I'm From Alabama, And I Did, In Fact, Marry My Cousin

We spend most Saturday and Sunday mornings playing online while we sip coffee and wake up. It can lead us to doing things like getting our passports the following Monday or planting a dozen shrubs/fruit trees in our yard. Yesterday we looked for travel destinations, so we can make use of those passport. Today we found ourselves looking into how closely related we actually were.

Lee's grandfather, Daddy Jay, could name all five of my grandfather's aunt's and uncles, so I figured it was pretty close. He would list them as follows: Bud, Bratch, Jim, Dock and Dolly, almost like it was a limerick. We share great-great-great-great-grandparents, Moses Cornelius & Cynthia Bynum. On Lee's side their son Joel Cornelius married Polly Easley, who begot William Thomas Cornelius, who married Charlotte Putman and begot Christopher Columbus Cornelius, who married Viola Thompson and begot Jay Pinson Cornelius, who married Dorothy Rutherford and begot Mary Elizabeth Cornelius, who married French O Whitten, Jr and begot Lee (love of my life) Cornelius Whitten.

On my side Moses & Cynthia's daughter, Eliza, married Tapley Bynum and begot Sarah Jane Bynum, who married William Squire Faulkner and begot Samuel Squire (Dock) Faulkner, who married Elma Gallups and begot Euel Otis Faulkner, who married Dorothy Inez Marsh and begot Pearlie Faye Faulkner, who married Charles Edward Crane, Jr and begot me. Whew! So we're 5th cousins.
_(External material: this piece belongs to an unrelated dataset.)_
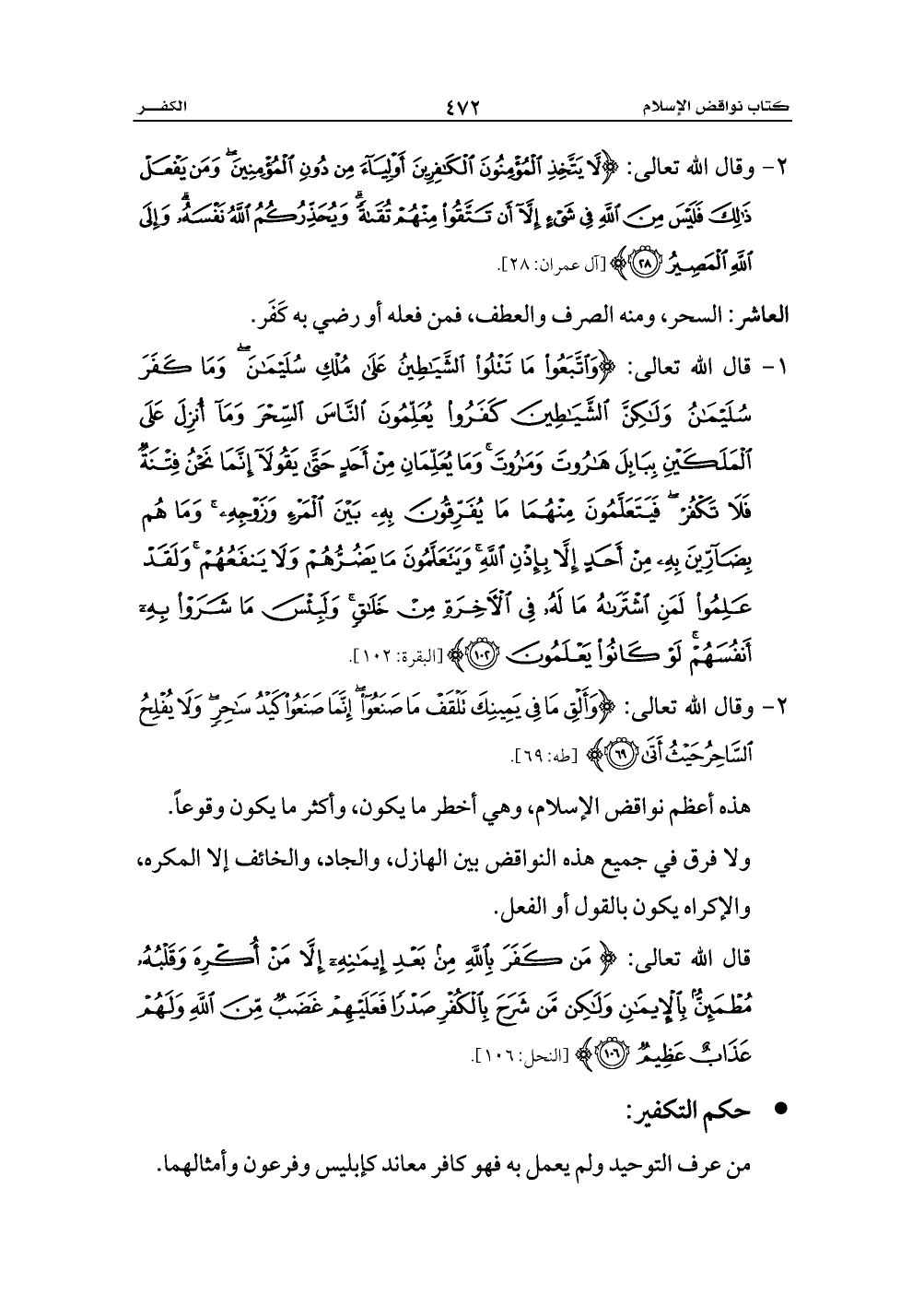 العاشر: السحر، ومنه الصرف والعطف، فمن فعله أو رضي به كَفَر.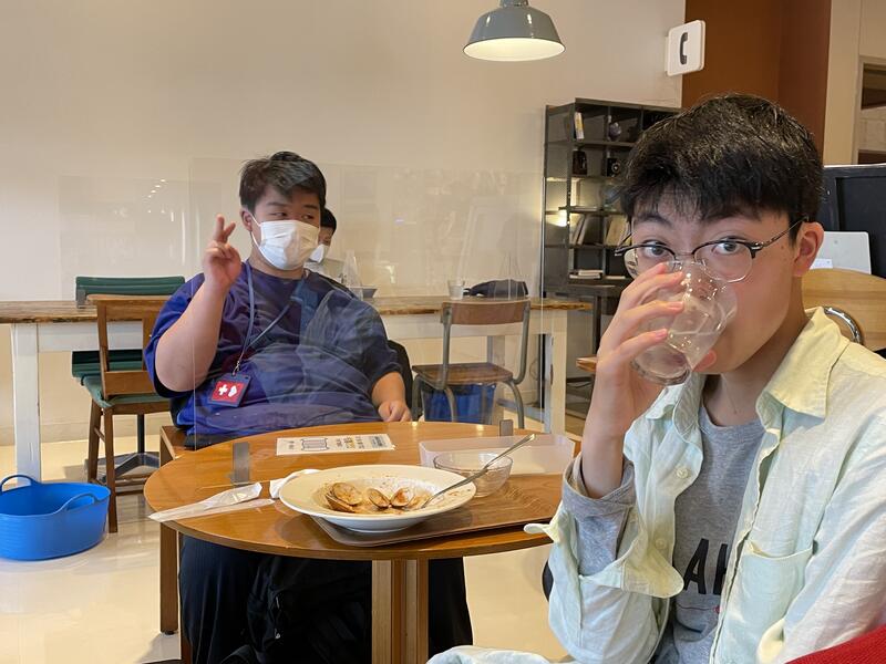昼食は宮城県美術館内にあるカフェモーツァルトでパスタやカレーを食べました。おいしい料理に満足気な表情が見られ,雨の移動で疲れた身体をリフレッシュできました。

We were surprised to see how close it was. Growing up I called people who were less closely related than we are cousins, so I found it a little more unsettling than Lee did. We're laughing now because he didn't think he had any living relatives left, but now he realizes that he has mine and not just through marriage. Our research led us to our ancestor, Rowland Cornelius, a Dutch immigrant, who came over on a boat around 1665. We found where the family name was changed from Fortner to Faulkner. Pleasant Fortner moved his family from South Carolina to Alabama and all his children were named Faulkner.

We did take notice of recurring names and I told Lee something wasn't right there. Then we found it. Oh no! Eliza and Tapley were first cousins. Eliza's mother, Cynthia, and Tapley's father, John, were siblings. So, and Lee is in no way owning this crap, my great, great, great grandparents are also my first cousins five times removed. Our family tree looks more like a topsy-turvy with strawberries growing out the top and tomatoes growing out the bottom, with a whole mess of vines instead of branches.